_Record excerpts:_
────────────────
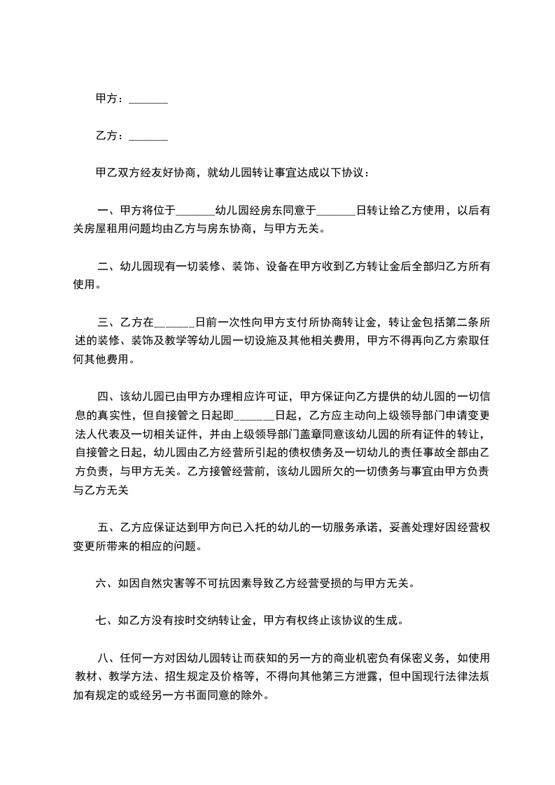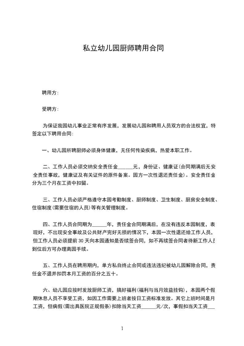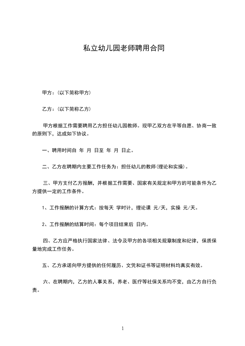 甲方根据工作需要聘用乙方担任幼儿园教师。现甲乙双方在平等自愿、协商一致的原则下,达成如下协议。
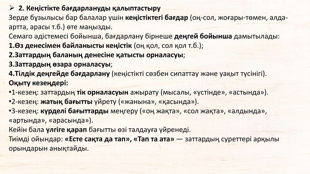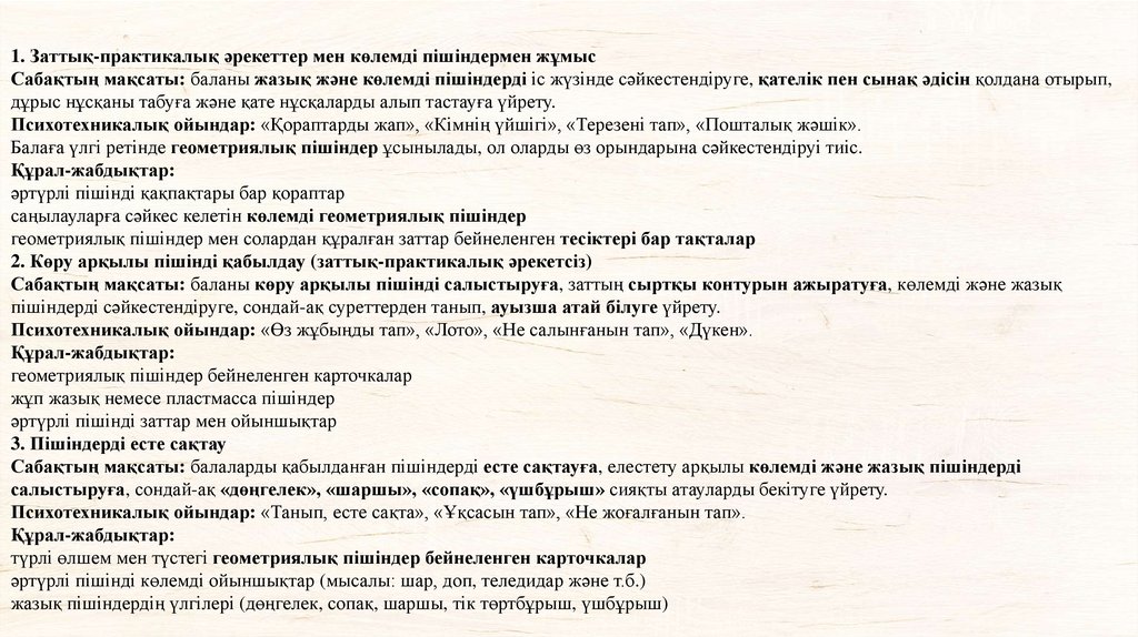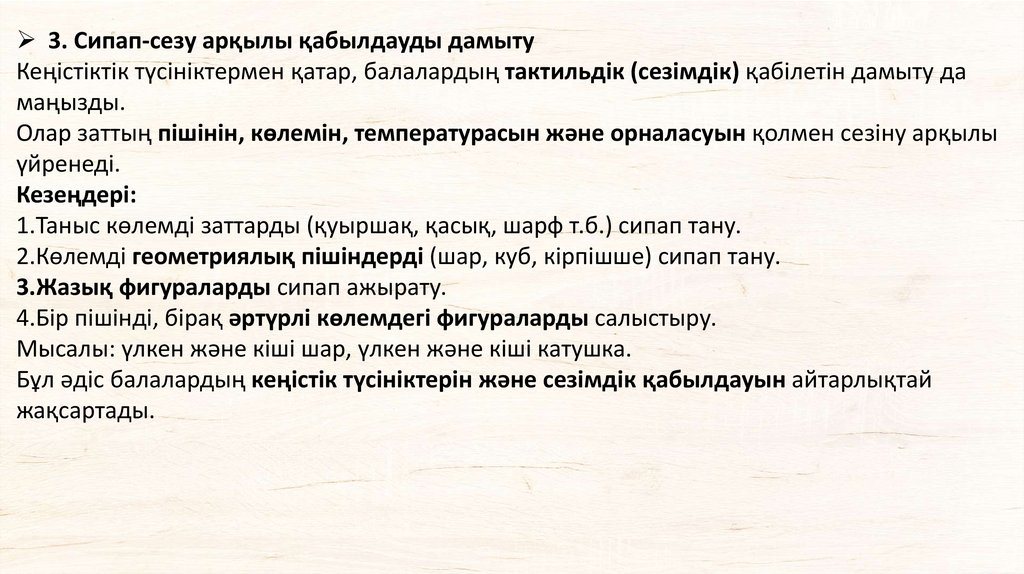 •Сенсорика: заттың пішіні мен бөліктерін ажырату, тұтас және бөлшек түсінігі.
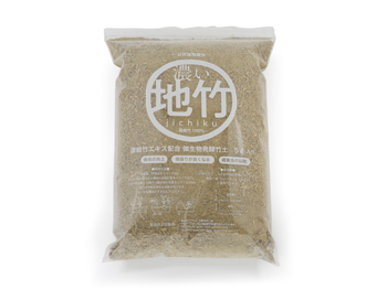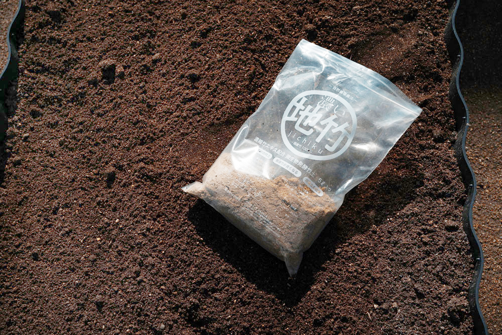 竹を無駄なく活用するために、テオリでは竹集成材製造の副産物である細い竹の幹や枝葉から、天然土壌改良剤〈地竹〉を製造しています。
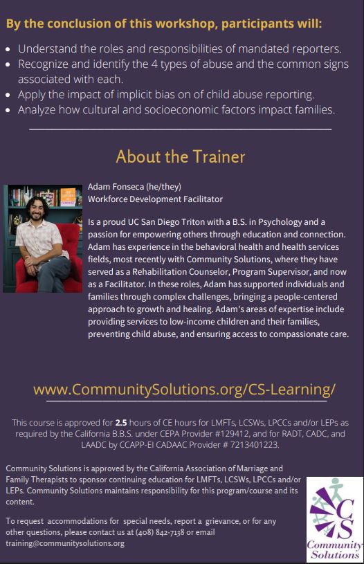 This FREE training equips mandated child abuse reporters with essential knowledge of their responsibilities and critical role in our community. Participants will learn to identify the four types of abuse—physical, emotional, sexual, and neglect—while exploring the impact of cultural biases and socioeconomic factors on families. Through interactive discussions, attendees will develop the skills necessary to effectively recognize and respond to signs of abuse, ensuring a safer environment for children. This course meets the CA state requirements for mandated reporters in compliance with the Child Abuse and Neglect Reporting Act (CANRA).
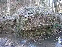 La proximité du ruisseau implique une qualité de sol médiocre. Il est composé principalement d'alluvions déposées par le " Furand". Pour assurer la stabilité de l'ouvrage, sous le massif en béton ont été réalisés des cadres en bastaings de bois enfoncés à une certaine profondeur. Ces cadres sont remplis de galets renforçant le socle des fondations. La pile en fer est fixée sur le socle en béton par des boulons de diamètre 35 mm espacés de 40 cm. Le socle en béton permet de transmettre les efforts de la pile vers le sol.
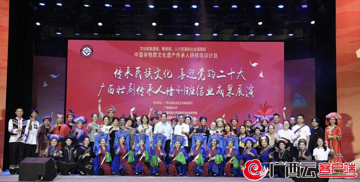 为展示壮剧培训班成果,近日,由自治区文化和旅游厅、广西民族大学主办,广西民族大学民族学与社会学学院、文化遗产研究中心承办的“传承民族文化 喜迎党的二十大——广西壮剧传承人培训班结业成果展演”在相思湖校区举行。
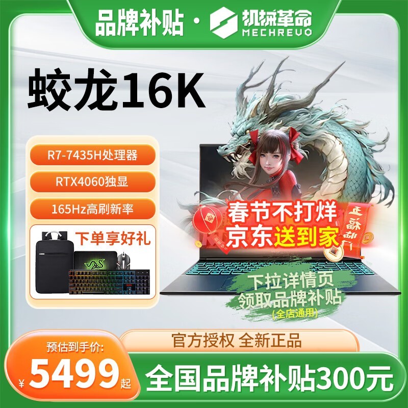 机械革命蛟龙16K游戏本爆降300元,到手仅5699元
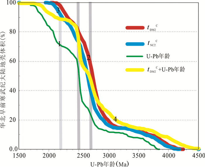 由图 4所示,及至早前寒武纪,华北克拉通与全球现今的地壳生长量基本相同,已有近80%左右的地壳形成(Belousova et al., 2010; Hawkesworth et al., 2010),表明现今大陆的绝大部分生长于太古宙和古元古代。然而,如前所述与全球地壳生长相比,华北克拉通中太古中期-新太古代末期是地壳迅速增长的时期。为进一步考察华北克拉通早前寒武纪地壳生长情况,本文又将参考文献Geng et al.(2012)汇总的古老岩石中的2553个(剔除数十个数据) 单颗锆石Hf同位素数据重新计算,然后再利用锆石U-Pb年龄和相应的亏损地幔和新生地壳模式年龄(tDM2和tNC2) 绘制华北克拉通早前寒武纪地壳演化线。由锆石U-Pb年龄的地壳演化线可知(图 6),~2.5Ga锆石约占所有前寒武纪锆石数量的40%, 这与华北克拉通西部泾河和洛河河沙(Diwu et al., 2012) 以及东部滦河和永定河河沙(Yang et al., 2009) 中碎屑锆石所记录的年龄数据统计结果一致。
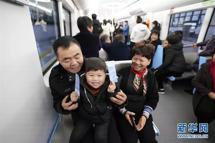 1月17日,乘客參與體驗溫州市域鐵路S1線測試運行。 由中國鐵建鐵四院總體設計的溫州市域鐵路S1線以高速動車組技術平台為基礎,是全國首條採用交流25千伏同相供電制式的軌道交通線路,預計1月底投入試運營。 新華社記者 邢廣利攝
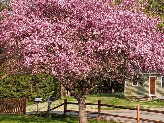 The definition of HOME SWEET HOME! A beautifully landscaped corner lot with blossoming mature trees, decorative fence, and inviting outdoor living space from the entertaining patio to the relaxing firepit and designated garden area. Inside you will find a light and bright open floor plan, featuring a beautiful fully applianced kitchen with glass cook top/built in oven, white cabinets, center island with a handcrafted custom wine rack, formal dining room, two large bedrooms with overhead lights/ceiling fans and custom sliding barn door accent. Remodeled bathroom with modern farmhouse finishes. Family room in LL with cozy woodstove as well as another bedroom or office and laundry room. New efficient Boiler with two zones. Vinyl replacement windows and maintenance free composite/vinyl entrance with storm door to allow for an abundance of natural light. Two large sheds for outdoor storage and large paved driveway. Minutes to 93.
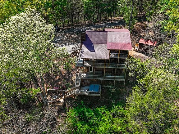 This stunning, like-new 3 Bed/3 Bath mountain retreat offers jaw-dropping, long range, layered mountain views from nearly every space & an ideal layout for entertaining, relaxing, or hosting guests. Step inside this true log cabin to discover a bright, open-concept living space with soaring ceilings, cozy stone fireplace & French doors that lead to an expansive covered porch—perfect for soaking in those sweeping mountain vistas. The beautifully designed kitchen is a chef's dream, featuring a quartz waterfall countertop island, stainless steel appliances, commercial gas range with custom hood & ample space to create and gather. The spacious main-level primary suite offers a serene retreat, complete with large windows framing the view and a porcelain-tiled shower & separate vanity area. Upstairs, a generous loft bedroom opens to a private balcony with dramatic views. The upper suite is complemented by a luxurious tiled shower, spacious vanity, and a separate vanity and water closet for enhanced privacy & comfort. The fully finished terrace level is a private escape of its own, offering a secondary living area, arcade game, sleek wet bar with wine fridge, full bath with tiled tub/shower combo & an oversized guest suite featuring 2 queen beds, a walk-in closet & stunning views. Step outside to the large, lower-level covered patio, then wander down to your secluded hot tub deck nestled among the trees—an idyllic space for soaking in the mountain air. Just beyond, a custom-built firepit area invites unforgettable evenings under the stars. Additional features include a level driveway, log-sided storage shed & community features like access to the serene Lake Buckhorn. Ideally situated just 10 mins from Downtown Ellijay & 15 mins from Blue Ridge on all paved roads, this property offers both privacy & convenience. Sold fully furnished & turn-key—perfect as a full-time residence, refined mountain getaway, or premium STR investment.
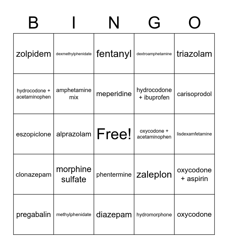 This bingo card has a free space and 24 words: morphine sulfate, methylphenidate, meperidine, pregabalin, triazolam, zolpidem, hydrocodone + acetaminophen, dexmethylphenidate, oxycodone + acetaminophen, phentermine, hydrocodone + ibuprofen, eszopiclone, zaleplon, oxycodone + aspirin, amphetamine mix, hydromorphone, lisdexamfetamine, fentanyl, carisoprodol, alprazolam, oxycodone, clonazepam, dextroamphetamine and diazepam.
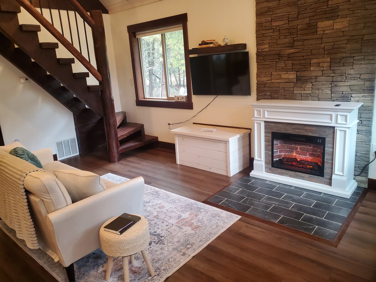 De propiedad y operación local, Stillwater at Stoner Creek Cabins es una de las ocho minicasas modernas idénticas ubicadas en diez acres boscosos justo más allá de un vecindario residencial. Ofrecemos comodidad durante todo el año en un entorno boscoso. El Stillwater se encuentra en la ladera de la propiedad con vistas compartidas a nuestro bosque desde la sala de estar y el patio.
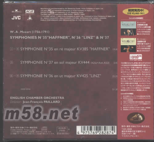 MOZART SYMPHONIES N 35 HAFFNER N36 LINZ &N37日本版XRCD專輯背面圖片
────────────────
_Activity:_ Reproduce every line above as written, skipping pictures.

_Expected answer:_
 甲方根据工作需要聘用乙方担任幼儿园教师。现甲乙双方在平等自愿、协商一致的原则下,达成如下协议。
 •Сенсорика: заттың пішіні мен бөліктерін ажырату, тұтас және бөлшек түсінігі.
 竹を無駄なく活用するために、テオリでは竹集成材製造の副産物である細い竹の幹や枝葉から、天然土壌改良剤〈地竹〉を製造しています。
 This FREE training equips mandated child abuse reporters with essential knowledge of their responsibilities and critical role in our community. Participants will learn to identify the four types of abuse—physical, emotional, sexual, and neglect—while exploring the impact of cultural biases and socioeconomic factors on families. Through interactive discussions, attendees will develop the skills necessary to effectively recognize and respond to signs of abuse, ensuring a safer environment for children. This course meets the CA state requirements for mandated reporters in compliance with the Child Abuse and Neglect Reporting Act (CANRA).
 La proximité du ruisseau implique une qualité de sol médiocre. Il est composé principalement d'alluvions déposées par le " Furand". Pour assurer la stabilité de l'ouvrage, sous le massif en béton ont été réalisés des cadres en bastaings de bois enfoncés à une certaine profondeur. Ces cadres sont remplis de galets renforçant le socle des fondations. La pile en fer est fixée sur le socle en béton par des boulons de diamètre 35 mm espacés de 40 cm. Le socle en béton permet de transmettre les efforts de la pile vers le sol.
 为展示壮剧培训班成果,近日,由自治区文化和旅游厅、广西民族大学主办,广西民族大学民族学与社会学学院、文化遗产研究中心承办的“传承民族文化 喜迎党的二十大——广西壮剧传承人培训班结业成果展演”在相思湖校区举行。
 机械革命蛟龙16K游戏本爆降300元,到手仅5699元
 由图 4所示,及至早前寒武纪,华北克拉通与全球现今的地壳生长量基本相同,已有近80%左右的地壳形成(Belousova et al., 2010; Hawkesworth et al., 2010),表明现今大陆的绝大部分生长于太古宙和古元古代。然而,如前所述与全球地壳生长相比,华北克拉通中太古中期-新太古代末期是地壳迅速增长的时期。为进一步考察华北克拉通早前寒武纪地壳生长情况,本文又将参考文献Geng et al.(2012)汇总的古老岩石中的2553个(剔除数十个数据) 单颗锆石Hf同位素数据重新计算,然后再利用锆石U-Pb年龄和相应的亏损地幔和新生地壳模式年龄(tDM2和tNC2) 绘制华北克拉通早前寒武纪地壳演化线。由锆石U-Pb年龄的地壳演化线可知(图 6),~2.5Ga锆石约占所有前寒武纪锆石数量的40%, 这与华北克拉通西部泾河和洛河河沙(Diwu et al., 2012) 以及东部滦河和永定河河沙(Yang et al., 2009) 中碎屑锆石所记录的年龄数据统计结果一致。
 1月17日,乘客參與體驗溫州市域鐵路S1線測試運行。 由中國鐵建鐵四院總體設計的溫州市域鐵路S1線以高速動車組技術平台為基礎,是全國首條採用交流25千伏同相供電制式的軌道交通線路,預計1月底投入試運營。 新華社記者 邢廣利攝
 The definition of HOME SWEET HOME! A beautifully landscaped corner lot with blossoming mature trees, decorative fence, and inviting outdoor living space from the entertaining patio to the relaxing firepit and designated garden area. Inside you will find a light and bright open floor plan, featuring a beautiful fully applianced kitchen with glass cook top/built in oven, white cabinets, center island with a handcrafted custom wine rack, formal dining room, two large bedrooms with overhead lights/ceiling fans and custom sliding barn door accent. Remodeled bathroom with modern farmhouse finishes. Family room in LL with cozy woodstove as well as another bedroom or office and laundry room. New efficient Boiler with two zones. Vinyl replacement windows and maintenance free composite/vinyl entrance with storm door to allow for an abundance of natural light. Two large sheds for outdoor storage and large paved driveway. Minutes to 93.
 This stunning, like-new 3 Bed/3 Bath mountain retreat offers jaw-dropping, long range, layered mountain views from nearly every space & an ideal layout for entertaining, relaxing, or hosting guests. Step inside this true log cabin to discover a bright, open-concept living space with soaring ceilings, cozy stone fireplace & French doors that lead to an expansive covered porch—perfect for soaking in those sweeping mountain vistas. The beautifully designed kitchen is a chef's dream, featuring a quartz waterfall countertop island, stainless steel appliances, commercial gas range with custom hood & ample space to create and gather. The spacious main-level primary suite offers a serene retreat, complete with large windows framing the view and a porcelain-tiled shower & separate vanity area. Upstairs, a generous loft bedroom opens to a private balcony with dramatic views. The upper suite is complemented by a luxurious tiled shower, spacious vanity, and a separate vanity and water closet for enhanced privacy & comfort. The fully finished terrace level is a private escape of its own, offering a secondary living area, arcade game, sleek wet bar with wine fridge, full bath with tiled tub/shower combo & an oversized guest suite featuring 2 queen beds, a walk-in closet & stunning views. Step outside to the large, lower-level covered patio, then wander down to your secluded hot tub deck nestled among the trees—an idyllic space for soaking in the mountain air. Just beyond, a custom-built firepit area invites unforgettable evenings under the stars. Additional features include a level driveway, log-sided storage shed & community features like access to the serene Lake Buckhorn. Ideally situated just 10 mins from Downtown Ellijay & 15 mins from Blue Ridge on all paved roads, this property offers both privacy & convenience. Sold fully furnished & turn-key—perfect as a full-time residence, refined mountain getaway, or premium STR investment.
 This bingo card has a free space and 24 words: morphine sulfate, methylphenidate, meperidine, pregabalin, triazolam, zolpidem, hydrocodone + acetaminophen, dexmethylphenidate, oxycodone + acetaminophen, phentermine, hydrocodone + ibuprofen, eszopiclone, zaleplon, oxycodone + aspirin, amphetamine mix, hydromorphone, lisdexamfetamine, fentanyl, carisoprodol, alprazolam, oxycodone, clonazepam, dextroamphetamine and diazepam.
 De propiedad y operación local, Stillwater at Stoner Creek Cabins es una de las ocho minicasas modernas idénticas ubicadas en diez acres boscosos justo más allá de un vecindario residencial. Ofrecemos comodidad durante todo el año en un entorno boscoso. El Stillwater se encuentra en la ladera de la propiedad con vistas compartidas a nuestro bosque desde la sala de estar y el patio.
 MOZART SYMPHONIES N 35 HAFFNER N36 LINZ &N37日本版XRCD專輯背面圖片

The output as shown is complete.